The European giant was able to keep factories running during a time when many manufacturing plants were forced to close doors, but the fallout from government-imposed measures to fight the virus has severely affected Siemens customers.

Profit fell at all divisions and the Munich-based company now sees a “moderate decline” in revenue for the financial year ending on September 30.

“Our organisation is often stretched to its limits,” chief executive Joe Kaeser said on a call with reporters on Friday.

“The big question is how long the bottom will be there. The answer is we unfortunately don’t know and neither do our customers.”
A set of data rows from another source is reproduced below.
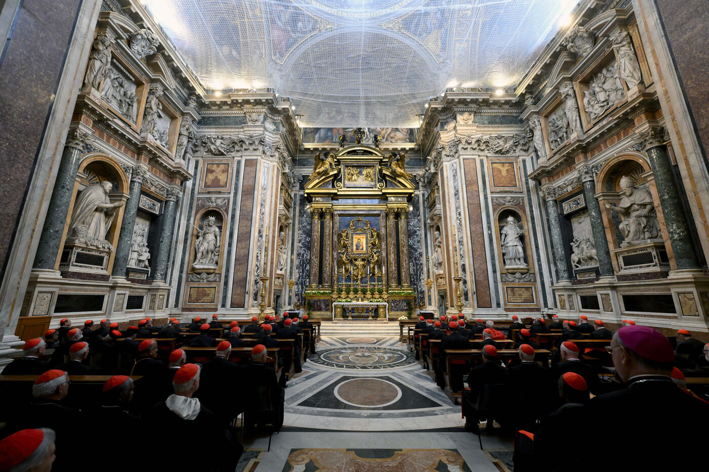 Les cardinaux prient à l'intérieur de la chapelle paulinienne, gardienne de l'icône Salus Populi Romani, à la basilique Sainte-Marie-Majeure au Vatican, le 2025/4/27.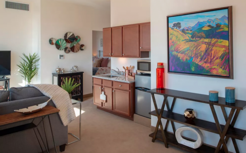 Our thoughtfully designed Assisted Living and Memory Care community is comprised of a selection of floor plans options, each tailored to the unique needs of our residents. Assisted Living residents can choose from affordable studio, one, or two-bedroom suites, while our Alzheimer's and dementia care community is made up of private studio suites. Our community features two Memory Care neighborhoods, each equipped with their own dining room, living room, common space, and shared courtyard.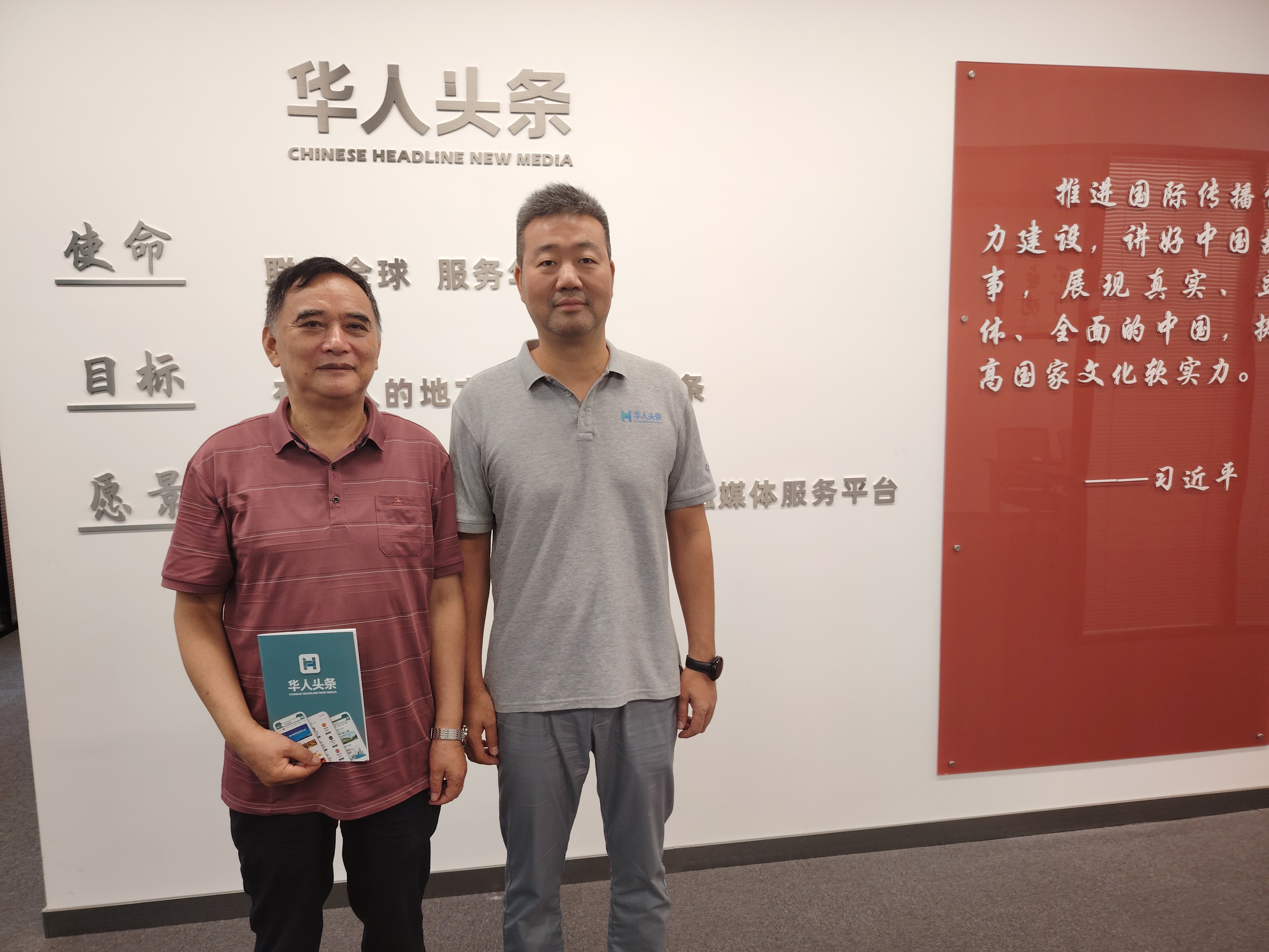 "华人头条"创办人黄其旺(右)在福州升龙大厦"华人头条"办公室与欧洲论坛报社社长刘文建(左)合影。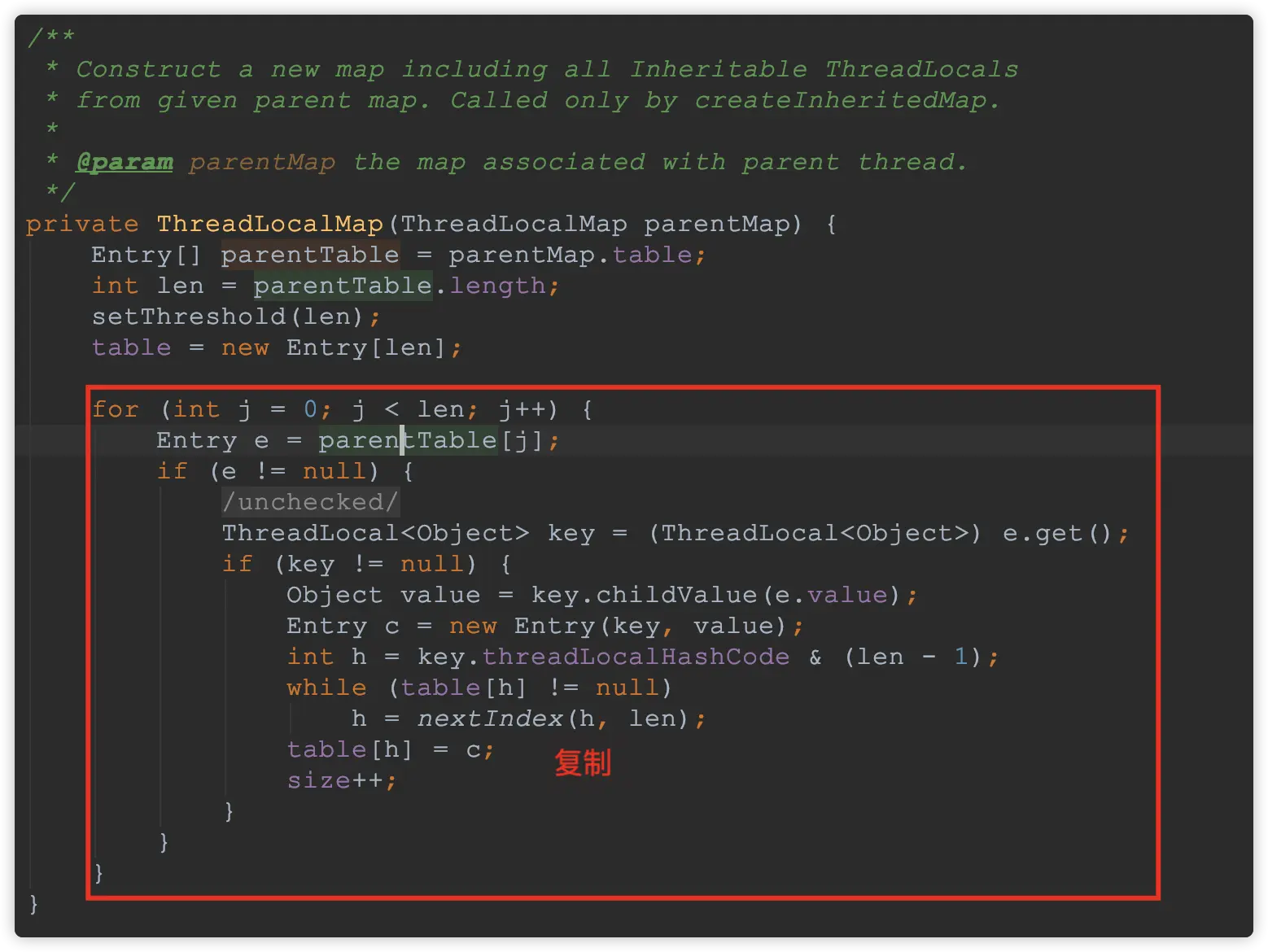 Thread中有一个init方法,每次创建线程的时候会执行这个init方法,并且inheriThreadLocals默认传的参数是true,所以当前线程对象每次都会从父线程继承值,子线程将父线程中的table对象以复制的方式赋值给子线程的table数组,这个过程是在创建Thread类对象时发生的,也就说明当子线程对象创建完毕后,子线程中的数据就是主线程中旧的数据,主线程使用新的数据时,子线程还是使用旧的数据,因为主子线程使用两个Entry[]对象数组各自存储自己的值。这个复制其实一个浅拷贝,如果存的值是可变对象的时候,只是复制了对象的引用而已,如果父线程修改对象的属性值,子线程也是可以感知到的。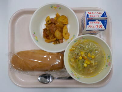 今日の給食は、コッペパン、牛乳、ジュリアンスープ、ジャーマンポテトです。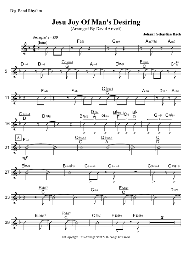 Download the Rhythm Chart for Jesu Joy Of Man's Desiring (Instrumental) by David Arivett, from the album Jazzed In Church.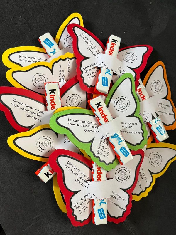 Da wir uns an diesem Tag bereits in die Osterferien verabschiedet haben, gabs für alle Feuerlöwen noch einen Schmetterling mit Ostergrüßen und einer Süßigkeit im Gepäck.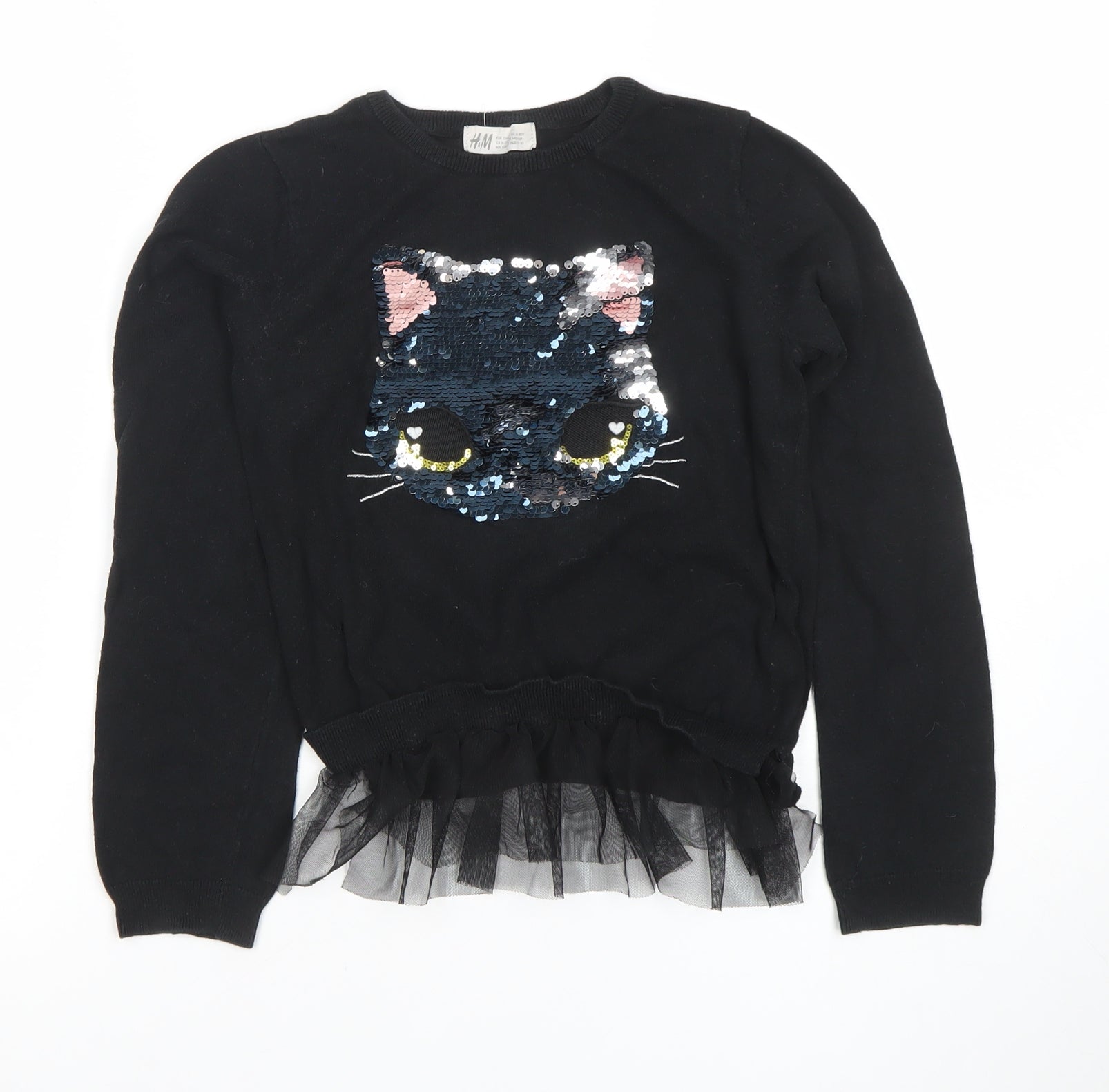 Girls Black Sequin Cat Pullover Long Sleeve T-Shirt 10 Years

Second quarter profit fell 21 per cent yearly to $634 million (Dh2.3 billion), but this “was better than feared, and also ahead of competitors,” Morgan Stanley analyst Ben Uglow said in a note. “These numbers should be well-received.”

While quarterly revenue held up in part due to the performance of Siemens’ health division, other industrial companies haven’t fared so well.

General Electric announced on Monday it would cut 13,000 jobs from its jet-engine division, adding to reductions the company had announced in March. ABB warned the pandemic could crush a fragile recovery in China, its second-largest market.

The pandemic has sent European economies into a tailspin, with the euro-region forecast to contract 7.7 per cent this year, forcing unemployment and public debt higher.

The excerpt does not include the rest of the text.